Freilich ist beim Modell eines minderheitenfreundlichen Mehrheitswahlrechts die größte Partei überdurchschnittlich repräsentiert. Der Vorwurf, dieses Modell könnte zu extremen Verzerrungen führen, wenn es nur viele kleine oder mittlere Parteien gibt, geht jedoch ins Leere, da solche Situationen natürlich bei allen Mehrheitswahlsystemen, ja sogar bei Verhältniswahlsystemen mit Sperrklausel eintreten könnten (so kann sogar beim gegenwärtigen österreichischen Wahlsystem eine Partei mit 4 Prozent an Stimmen alle Mandate bekommen, wenn alle anderen Parteien je weniger als 4 Prozent der Stimmen haben).

Trotzdem die Vorzüge dieses Modells also evident sind, scheint die Realisierbarkeit des Modells bisher allerdings äußerst gering. Wenn Robert Menasse von der SPÖ eine diesbezügliche Reforminitiative erwartet, erwartet er dies von einer Partei, die - von wenigen Ausnahmen abgesehen - stets gegen ein Mehrheitswahlrecht eintrat. Dies hatte sicherlich ideologische und historische Ursachen - gilt doch das Verhältniswahlrecht als eine der großen sozialdemokratischen Errungenschaften am Beginn der Ersten Republik -, war aber immer auch vor dem Hintergrund der Befürchtung der SPÖ zu sehen, sie würde bei einem Mehrheitswahlrecht (englischer Prägung) nur in den Städten gewinnen, alle Wahlkreise ländlicher Prägung jedoch und damit auch insgesamt verlieren.

Ein minderheitenfreundliches Mehrheitswahlrecht müsste deshalb für die SPÖ eigentlich durchaus attraktiv sein. Als stimmenstärkste Partei hätte sie nach der Wahl vom 3. Oktober eine Alleinregierung - mit oder ohne Experten - bilden können. Österreich hätte sich viele Wochen der Ungewissheit und eine unsichere Zukunft mit einer in vieler Hinsicht problematischen Koalition erspart.
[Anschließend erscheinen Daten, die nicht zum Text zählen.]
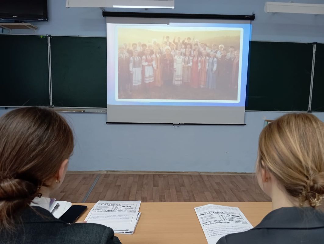 Ученики узнали о многообразии культур народов России и о том, что всех жителей нашей страны объединяют общие ценности: единая география, история, Конституция Российской Федерации, духовно-нравственные ориентиры, великие победы и культурные достижения.
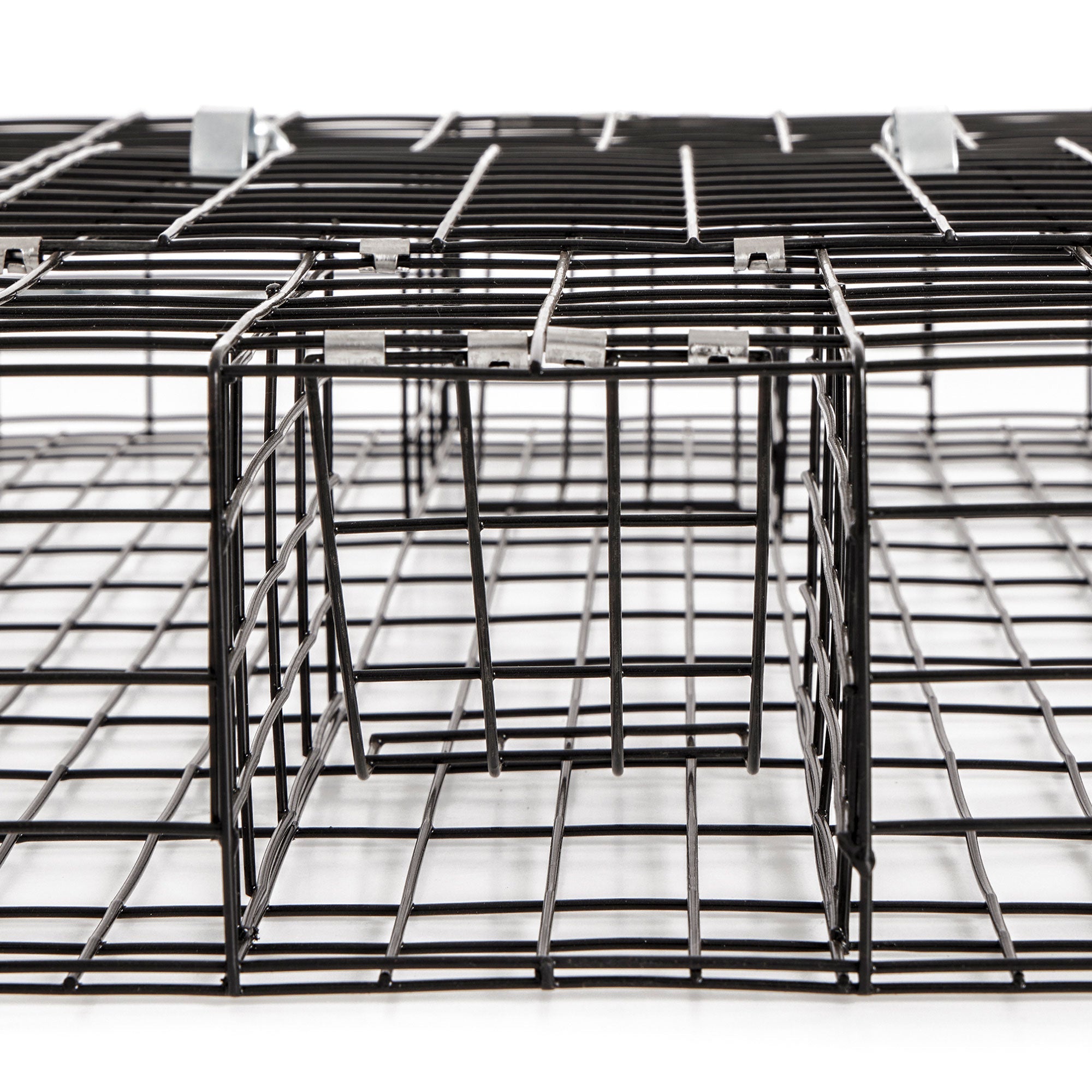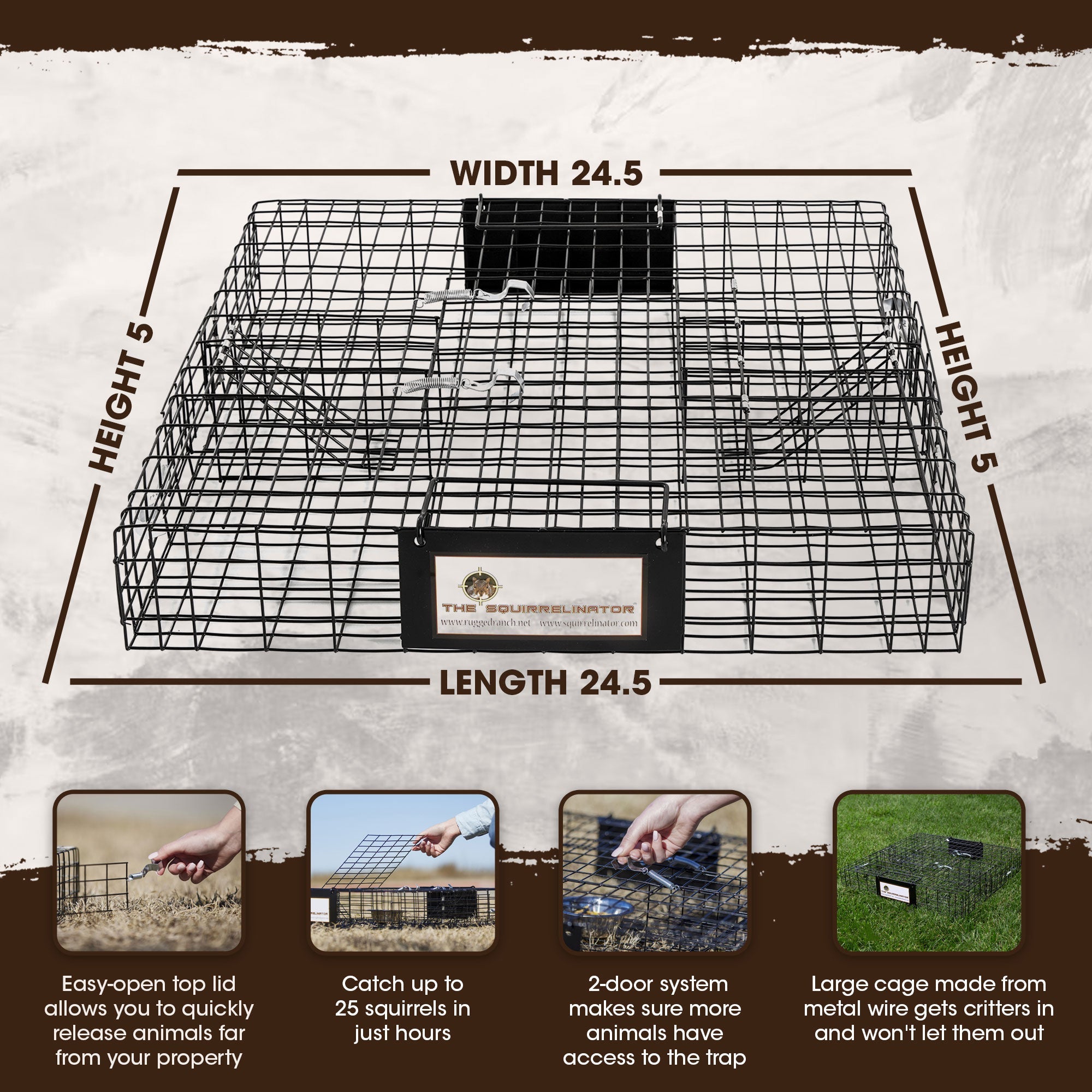 Don't worry: this humane wildlife trap keeps squirrels, chipmunks, and other small mammals confined and safe without harming them once they're trapped within its metal wire walls. 2 doors provide better access to your bait and you can entice up to 24 creatures in just a few hours with the right placement and incentive.

Aber auch aus demokratiepolitischen Gesichtspunkten wäre es ein Zugewinn gewesen: Die Wähler hätten entschieden, wer das Land führen soll, und nicht die Parteien oder der Bundespräsident.

Aber auch für Freiheitliche und ÖVP müsste das Modell seinen Reiz haben: Beide Parteien trennten bei der letzten Wahl gerade 6 Prozent vom ersten Platz - eine gute Ausgangsposition, um ihn beim nächsten Wahlgang auch wirklich zu erreichen.

Die letzten Wochen und Monate haben jedenfalls gezeigt, dass das bisherige politische System Österreichs an die Grenzen seiner Effektivität und Effizienz gestoßen ist. Intensive Überlegungen der Reform und Innovation sind dringend erforderlich - ohne sich dabei vom müden Lächeln der "Pragmatiker" irritieren zu lassen. Das Modell eines minderheitenfreundlichen Mehrheitswahlrechts könnte ein mutiger und zielführender Reformschritt sein.

Klaus Poier ist Universitätsassistent am Institut für öffentliches Recht, Politologie und Verwaltungslehre in Graz.